▶ [Task] Scan the records below for the line with "A set of five" and the line with "玄関共用、1階が親世帯、2・", and retype that range exactly, both ends included, pictures excepted.

▶ [Records provided]
++++++++++

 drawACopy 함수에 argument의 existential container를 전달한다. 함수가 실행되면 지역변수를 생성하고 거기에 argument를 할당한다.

++++++++++

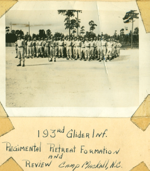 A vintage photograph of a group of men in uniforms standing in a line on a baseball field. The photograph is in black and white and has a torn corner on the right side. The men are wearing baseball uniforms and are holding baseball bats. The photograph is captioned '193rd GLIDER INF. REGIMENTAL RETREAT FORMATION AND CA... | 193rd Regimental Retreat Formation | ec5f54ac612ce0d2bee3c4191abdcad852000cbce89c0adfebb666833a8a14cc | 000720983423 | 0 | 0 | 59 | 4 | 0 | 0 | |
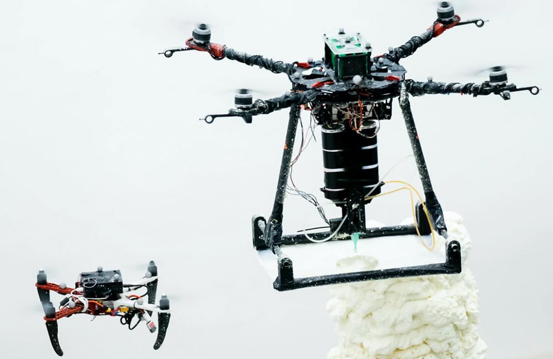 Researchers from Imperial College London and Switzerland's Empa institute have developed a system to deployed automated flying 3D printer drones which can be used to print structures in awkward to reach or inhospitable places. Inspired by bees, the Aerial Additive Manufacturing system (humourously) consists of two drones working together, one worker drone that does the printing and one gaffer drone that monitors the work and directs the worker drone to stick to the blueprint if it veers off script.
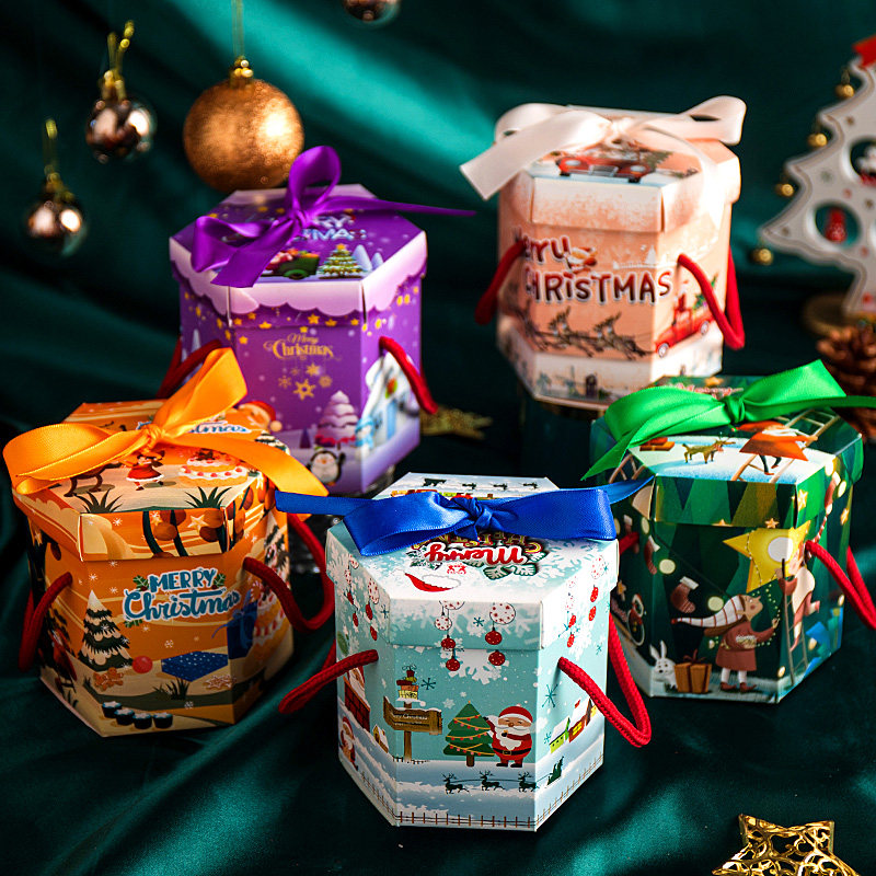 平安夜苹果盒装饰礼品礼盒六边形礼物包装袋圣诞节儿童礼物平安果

++++++++++

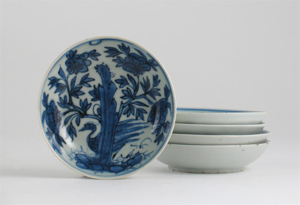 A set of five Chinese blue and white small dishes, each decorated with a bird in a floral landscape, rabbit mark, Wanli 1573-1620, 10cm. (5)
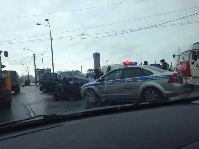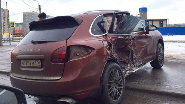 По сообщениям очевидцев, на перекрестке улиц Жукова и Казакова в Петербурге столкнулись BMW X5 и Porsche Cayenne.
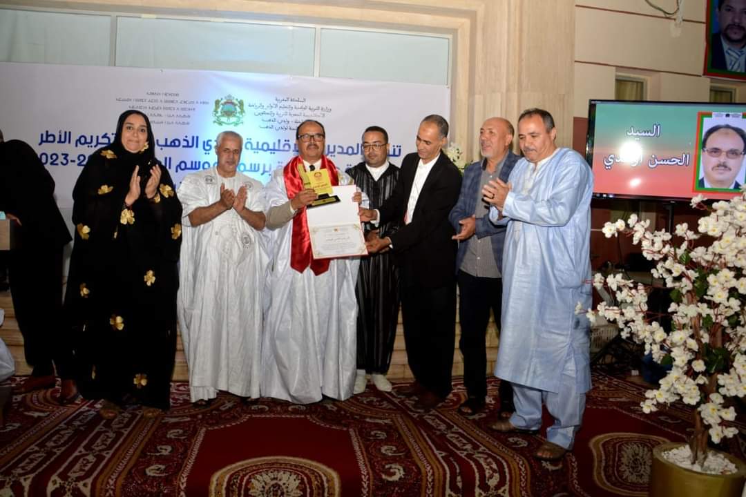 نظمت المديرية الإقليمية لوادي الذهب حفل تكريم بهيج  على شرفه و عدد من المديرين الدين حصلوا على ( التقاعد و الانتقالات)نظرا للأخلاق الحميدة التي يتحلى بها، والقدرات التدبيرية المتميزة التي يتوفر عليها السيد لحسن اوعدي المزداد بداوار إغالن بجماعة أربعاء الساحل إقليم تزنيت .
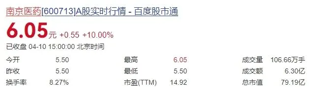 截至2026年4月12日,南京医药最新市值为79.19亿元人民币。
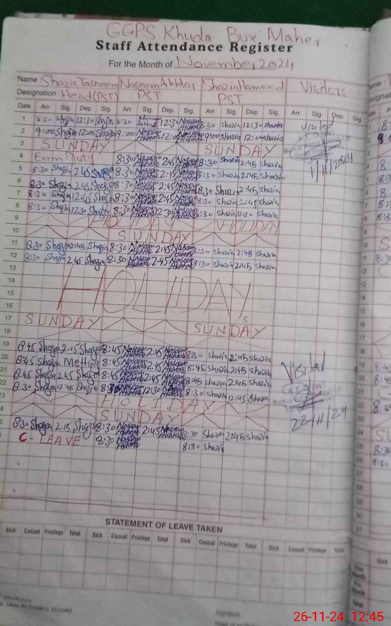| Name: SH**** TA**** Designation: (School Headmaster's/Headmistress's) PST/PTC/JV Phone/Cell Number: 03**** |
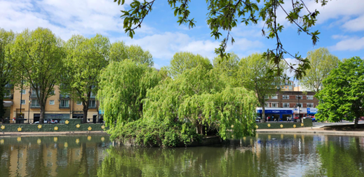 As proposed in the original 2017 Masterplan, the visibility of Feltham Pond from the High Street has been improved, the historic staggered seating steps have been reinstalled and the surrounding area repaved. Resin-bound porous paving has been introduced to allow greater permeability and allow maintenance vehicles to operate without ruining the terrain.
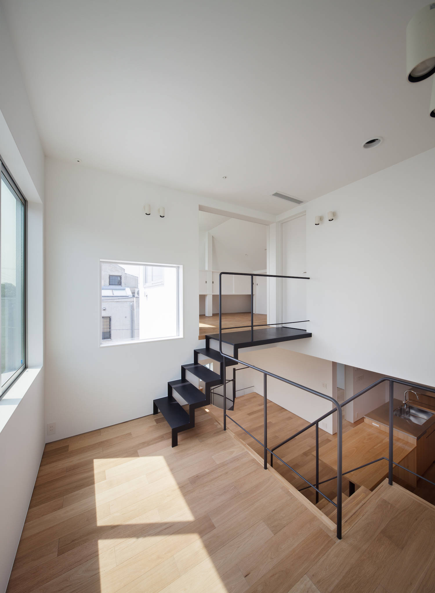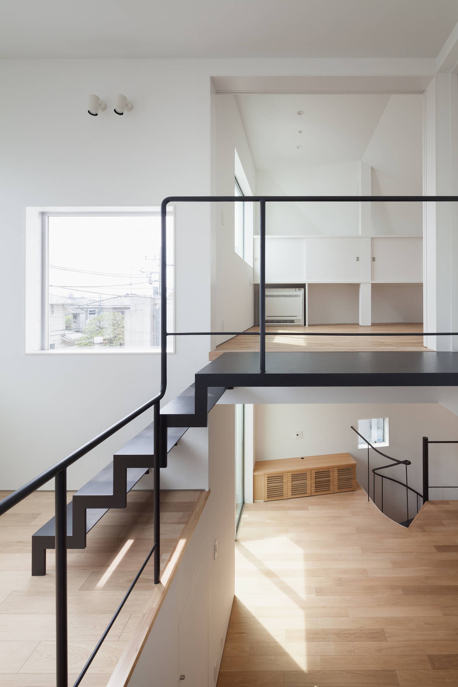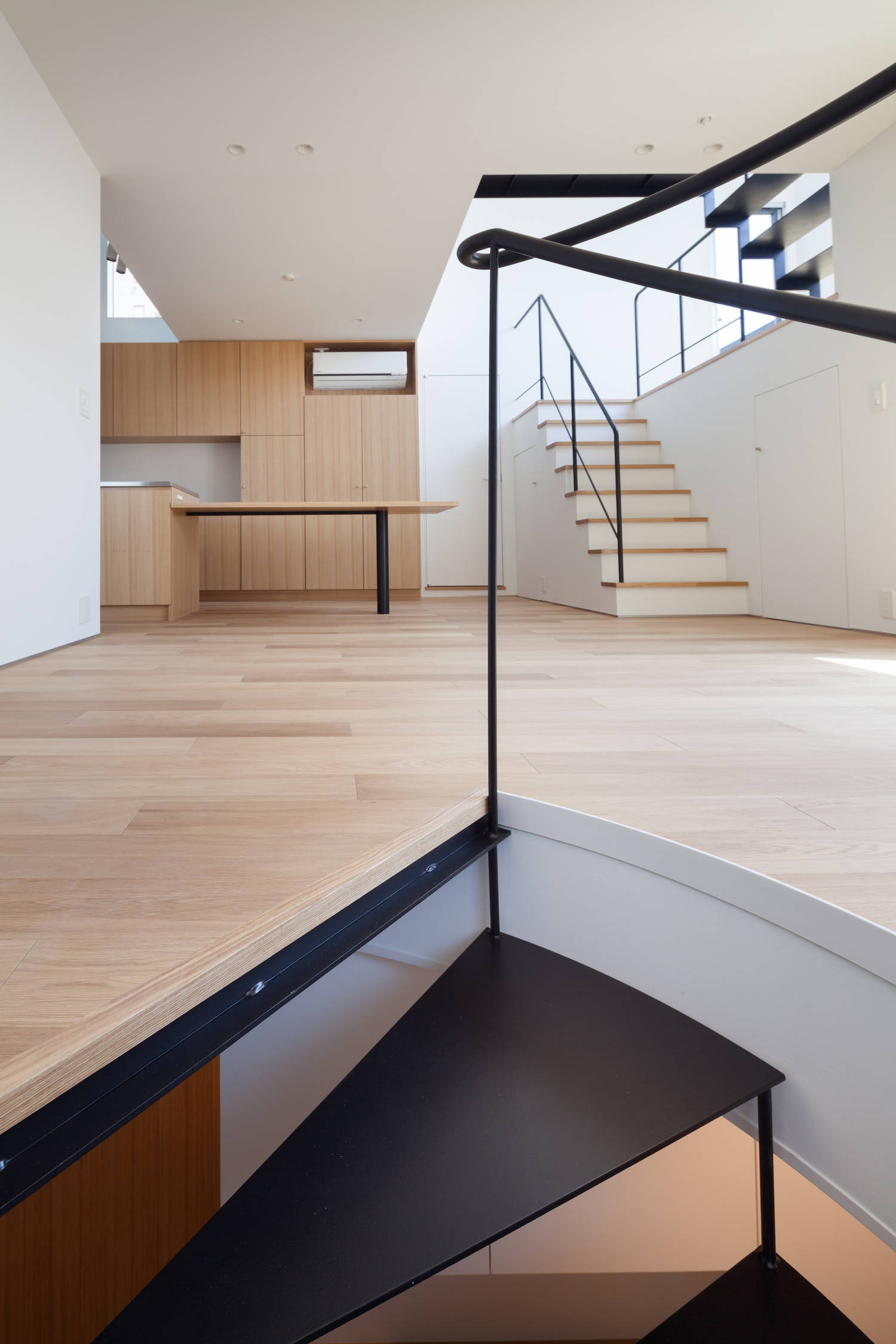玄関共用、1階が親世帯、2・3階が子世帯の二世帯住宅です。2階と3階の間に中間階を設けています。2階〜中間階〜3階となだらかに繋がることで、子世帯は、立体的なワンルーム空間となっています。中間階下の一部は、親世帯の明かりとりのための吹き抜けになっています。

++++++++++

▶ [Finished exercise]
 A set of five Chinese blue and white small dishes, each decorated with a bird in a floral landscape, rabbit mark, Wanli 1573-1620, 10cm. (5)
 По сообщениям очевидцев, на перекрестке улиц Жукова и Казакова в Петербурге столкнулись BMW X5 и Porsche Cayenne.
 نظمت المديرية الإقليمية لوادي الذهب حفل تكريم بهيج  على شرفه و عدد من المديرين الدين حصلوا على ( التقاعد و الانتقالات)نظرا للأخلاق الحميدة التي يتحلى بها، والقدرات التدبيرية المتميزة التي يتوفر عليها السيد لحسن اوعدي المزداد بداوار إغالن بجماعة أربعاء الساحل إقليم تزنيت .
 截至2026年4月12日,南京医药最新市值为79.19亿元人民币。
| Name: SH**** TA**** Designation: (School Headmaster's/Headmistress's) PST/PTC/JV Phone/Cell Number: 03**** |
 As proposed in the original 2017 Masterplan, the visibility of Feltham Pond from the High Street has been improved, the historic staggered seating steps have been reinstalled and the surrounding area repaved. Resin-bound porous paving has been introduced to allow greater permeability and allow maintenance vehicles to operate without ruining the terrain.
玄関共用、1階が親世帯、2・3階が子世帯の二世帯住宅です。2階と3階の間に中間階を設けています。2階〜中間階〜3階となだらかに繋がることで、子世帯は、立体的なワンルーム空間となっています。中間階下の一部は、親世帯の明かりとりのための吹き抜けになっています。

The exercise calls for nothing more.